Helper function for filtering predictions with score above a certain threshold or rank below some limit rank.

apply_threshold(threshold, limit = NA_real_, base_compare)

Arguments

threshold: A numeric threshold between 0 and 1.
limit: An integer cutoff >= 1 for rank-based thresholding.

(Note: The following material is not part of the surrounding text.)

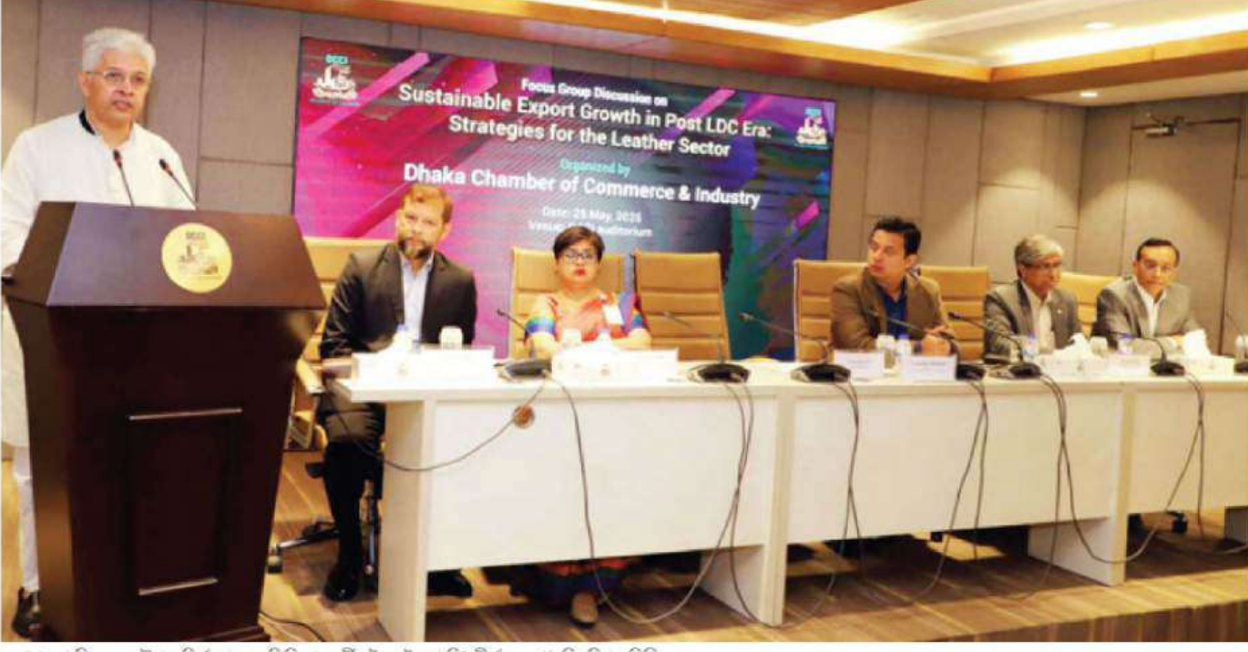
‘চামড়া শিল্পের কৌশল নির্ধারণ: এলডিসি পরবর্তী টেকসই রপ্তানি’ শীর্ষক সভা

পোশাকখাতের মতো আর্থিক প্রগোদনা ও নীতি সহায়তা পেলে ২০৩০ সালের মধ্যে চামড়া শিল্প থেকে বার্ষিক ৫ বিলিয়ন ডলারের রপ্তানি সম্ভব বলে জানিয়েছেন বিশিষ্টজনেরা। ২০৩৫ সালের মধ্যে রপ্তানির পরিমাণ ১০ বিলিয়নেও উন্নীত হতে পারে বলে জানান তারা।

Requires a column "rank" in input base_compare.
base_compare: A data.frame as created by create_comparison, containing columns "gold", "score".

Value

A data.frame with observations that satisfy (score >= threshold AND (if applicable) rank <= limit) OR gold == TRUE. A new logical column suggested indicates TRUE if score >= threshold AND (if applicable) rank <= limit, and FALSE for false negative observations (that may have no score, a score below the threshold or rank above the limit).

Examples


library(casimir)

gold <- tibble::tribble(
  ~doc_id, ~label_id,
  "A", "a",
  "A", "b",
  "A", "c",
  "B", "a",
  "B", "d",
  "C", "a",
  "C", "b",
  "C", "d",
  "C", "f"
)

pred <- tibble::tribble(
  ~doc_id, ~label_id, ~score,
  "A", "a", 0.9,
  "A", "d", 0.7,
  "A", "f", 0.3,
  "A", "c", 0.1,
  "B", "a", 0.8,
  "B", "e", 0.6,
  "B", "d", 0.1,
  "C", "f", 0.1,
  "C", "c", 0.2,
  "C", "e", 0.2
)

base_compare <- create_comparison(gold, pred)

res_0 <- apply_threshold(
  threshold = 0.3,
  base_compare = base_compare
)